A perfect case study is ROBLOX user litozinnamon and his “Call of ROBLOXia” series. Call of ROBLOXia 5: ROBLOX at War, lito’s most popular game, consistently ranks in the top 30 at any given moment. Sure, he’s got the wind at his back via name recognition (his game’s title is a play on the renowned Call of Duty name), but ROBLOX users don’t keep coming back unless the game play encourages it. He’s done a good job of adapting the Call of Duty series’ pace and addictive multiplayer gaming mechanics to ROBLOX. He’s also built his own character-customization tool, which he says promotes repeat play sessions and balanced game play – it lets players experiment with a huge variety of equipment without unfairly favoring veterans.
Let’s make an apples-to-oranges comparison. Litozinnamon’s ROBLOX games, almost all of which are part of his Call of ROBLOXia series, have been played more than 16 million times. (98% of those plays belong to Call of ROBLOXia 5: ROBLOX at War.) 16 million.
Call of Duty: Black Ops, a 2010 release and one of the most popular games in the series, has sold a total of 16.4 million units. Again, play sessions of a free game vs. sales of a boxed game is an apples-to-oranges comparison, but things start to come into perspective when you figure Call of ROBLOXia 5 was developed by a teenager from California with a budget mostly consisting of time and Call of Duty: Black Ops was developed on a multi-million dollar (possibly even $100 million) budget by Treyarch, a professional studio. ROBLOX empowers game developers of all ages, even when they’re one-man shops. 10 years ago, such democratization could only be a dream.
What makes litozinnamon’s story all the more representative of how ROBLOX democratizes game development is he never intended to design the next best ROBLOX game.
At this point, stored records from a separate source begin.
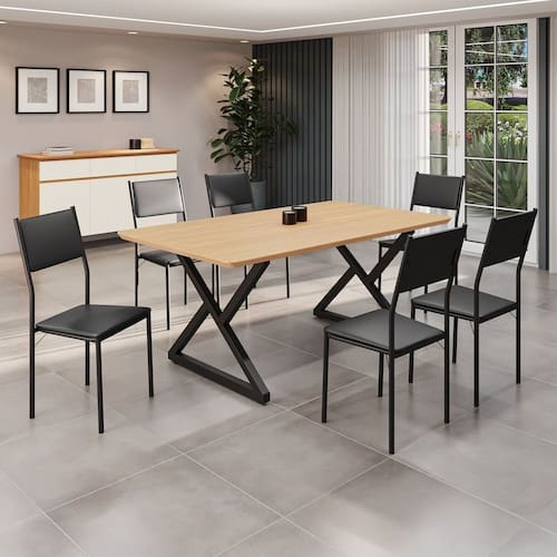 Este conjunto de mesa retangular e 6 cadeiras oferece estilo e praticidade. Com estrutura tubular em aço para estabilidade, o tampo em MDF cinamomo adiciona sofisticação e resistência a riscos e manchas. As cadeiras combinam harmoniosamente com a mesa, garantindo conforto com estofamento. Ideal para diversos espaços, é perfeito para receber convidados ou desfrutar de refeições em família, criando um ambiente acolhedor e elegante. Medida da Mesa (A x L x P): 77cm x 160cm x 90cm Peso da Mesa: 27,71 kg Mesa suporta até: 10.0000 Acabamento da Cadeira/Banco: Pintura Texturizada Acabamento da Mesa: Melamínico Ambiente Principal: Sala de Jantar Cadeira/Banco estofada: Encosto e Assento Estofados Cadeira/Banco Estofada: Encosto e Assento Estofados Cadeira/Banco suporta até: 120.0000 codigo_ean: 7909903962862 Complexidade da Montagem: Baixa: pode ser montado por uma pessoa sozinha Cor: Preto Cor do Produto: Preto De Canto (Canto Alemão): Não Enchimento do Assento: Espuma D-12 Escala de Brilho: Semi-Fosco Espessura do Tampo: 20 mm Formato do Tampo: Retangular Itens Inclusos: 1 Mesa, 6 Cadeiras, Manual De Montagem E Ferragens. Manual de Montagem e Instalação: https://product-hub-prd.madeiramadeira.com.br/925833/documents/b5ff1ec1-d666-4c79-801e-1ac0d1fa6ebc2165358493817217652913828.pdf Material da Base da Mesa: Aço Material da Estrutura da Cadeira: Aço Material do Tampo: MDF Medida da Cadeira/Banco (A x L x P): 90,5cm x 44,5cm x 49cm Medida do Tampo (L x C x E): 90cm x 160cm x 2cm Mesa Extensível: Não Necessita Montagem: Sim Origem do Produto: Nacional Peso da Cadeira/Banco: 4,74 kg Possui Apoio Para os Pés: Não Quantidade de Lugares: 06 Recomendações de Uso, Manutenção e Limpeza: Usar um pano de tecido macio e seco, evitar detergentes, alvejantes e produtos químicos de limpeza; no tampo usar tecido macio levemente umedecido. Revestimento da Cadeira/Banco: Couro Ecológico Sistema de Montagem: Parafusos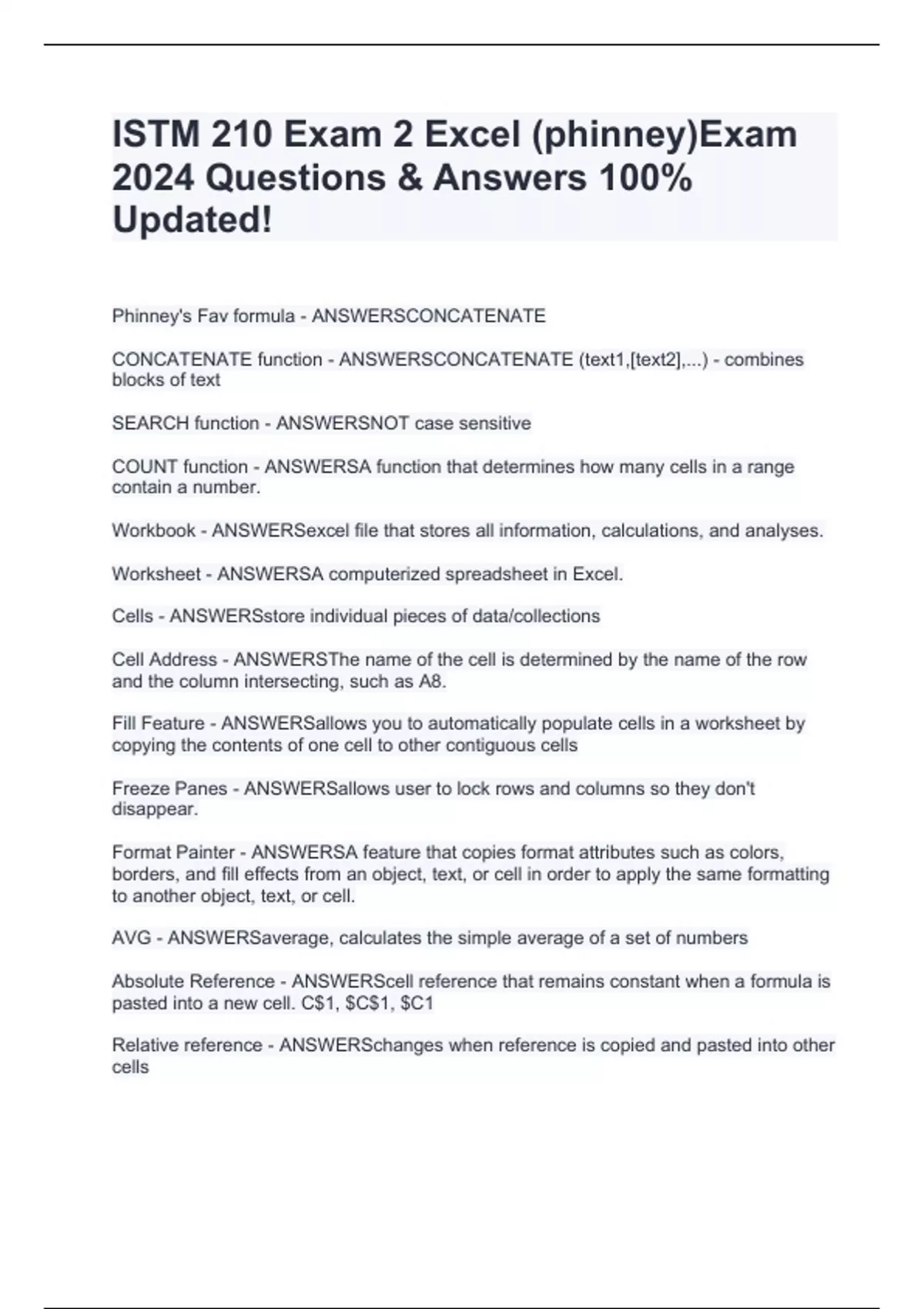 ISTM 210 Exam 2 Excel (phinney)Exam 2024 Questions & Answers 100% Updated!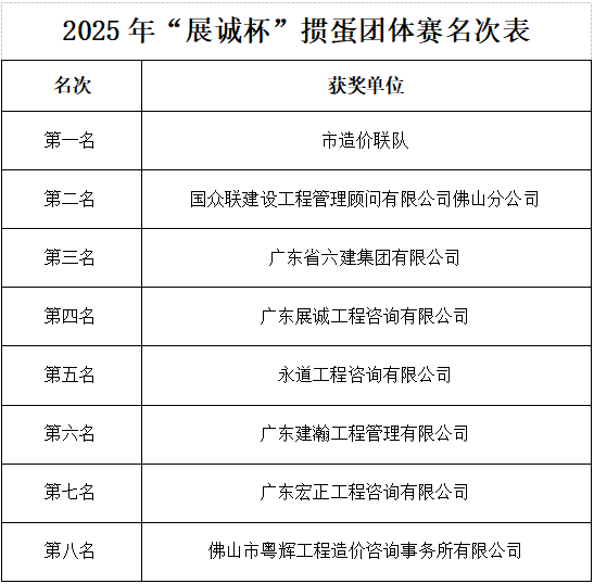 2025年“展誠杯”摜蛋團體賽圓滿落幕!在此,特別鳴謝副會長單位廣東展誠工程咨詢有限公司的鼎力支持,為賽事的順利開展提供了堅實保障;同時,衷心感謝所有參賽選手的全力以赴與工作人員的辛勤付出,是大家的共同努力鑄就了本次精彩的賽事。讓我們共同期待下一次的相聚,持續(xù)深化行業(yè)交流協(xié)作,共譜發(fā)展新篇!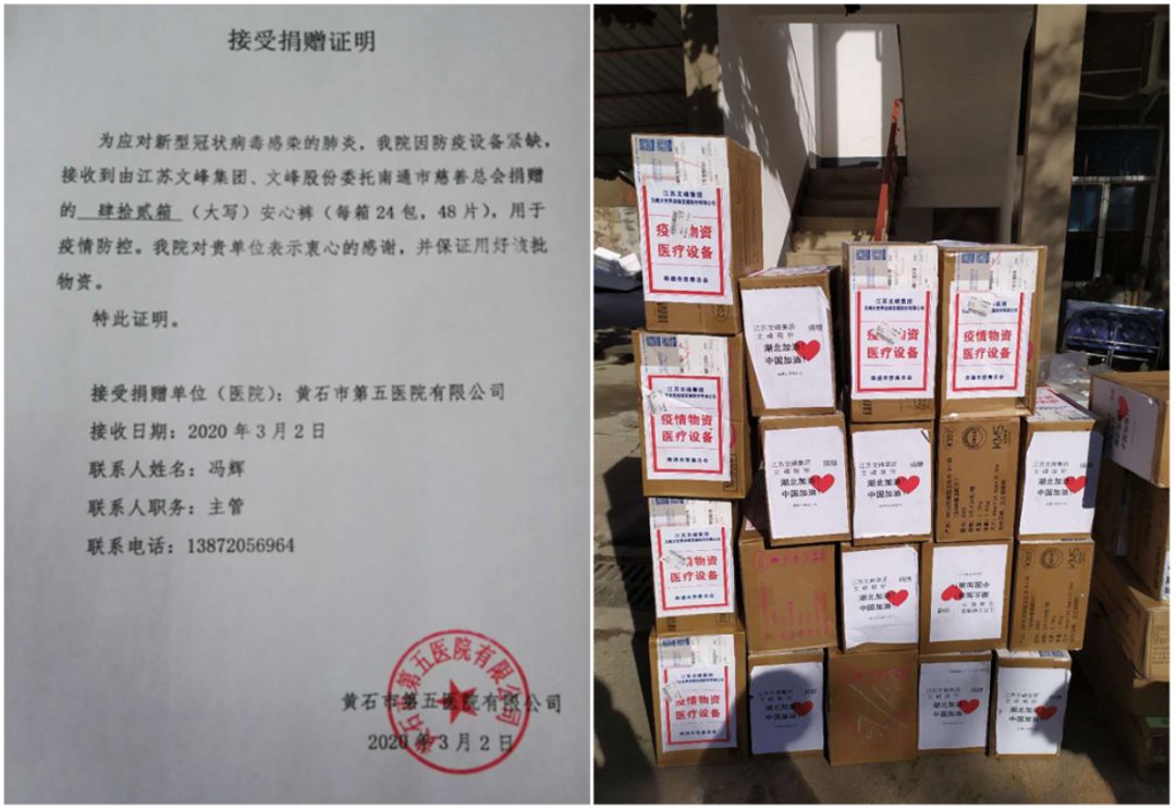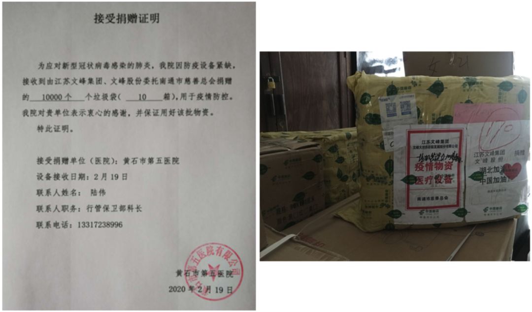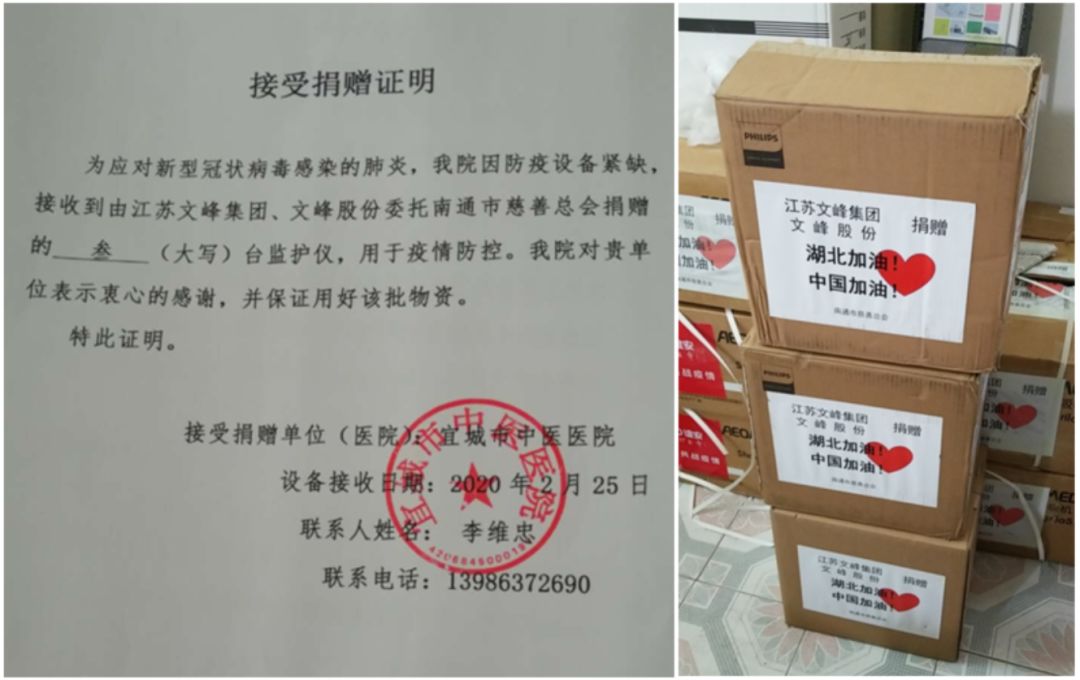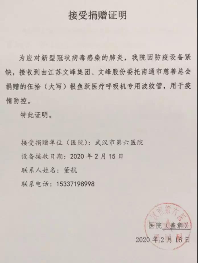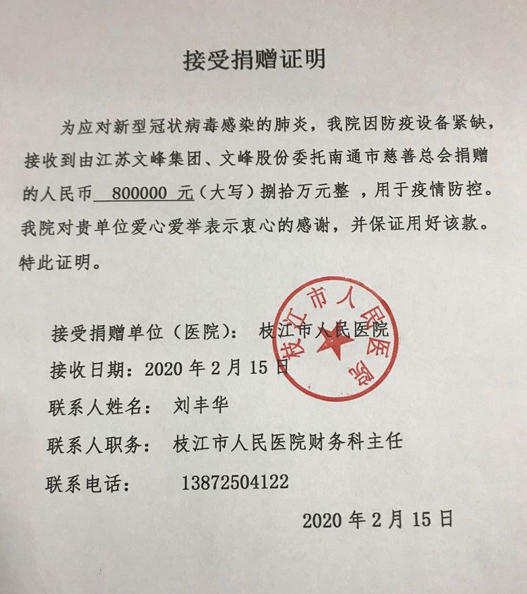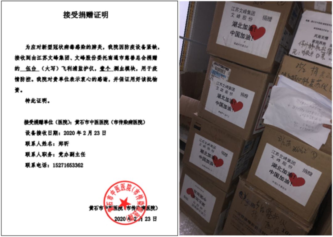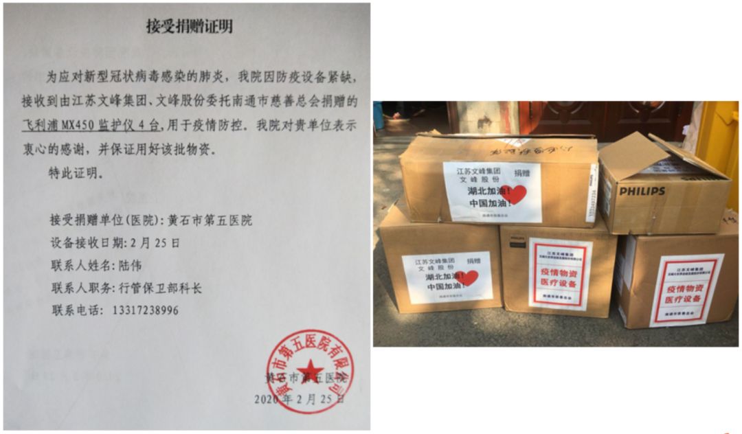 資金用途:江蘇文峰集團(tuán)定向捐贈(zèng)張家港廣和中西醫(yī)結(jié)合醫(yī)院,用于采購醫(yī)療設(shè)備、防疫物資

He built Call of ROBLOXia 5 as a “place to spend time with some friends” – other players just happened to notice it and started joining en masse. That would be much less likely to happen had he developed using a tool without a huge distribution channel.
“I’m proud of what I have been able to accomplish, especially when getting my game popular was not the reason why I decided to make it in the first place,” says litozinnamon.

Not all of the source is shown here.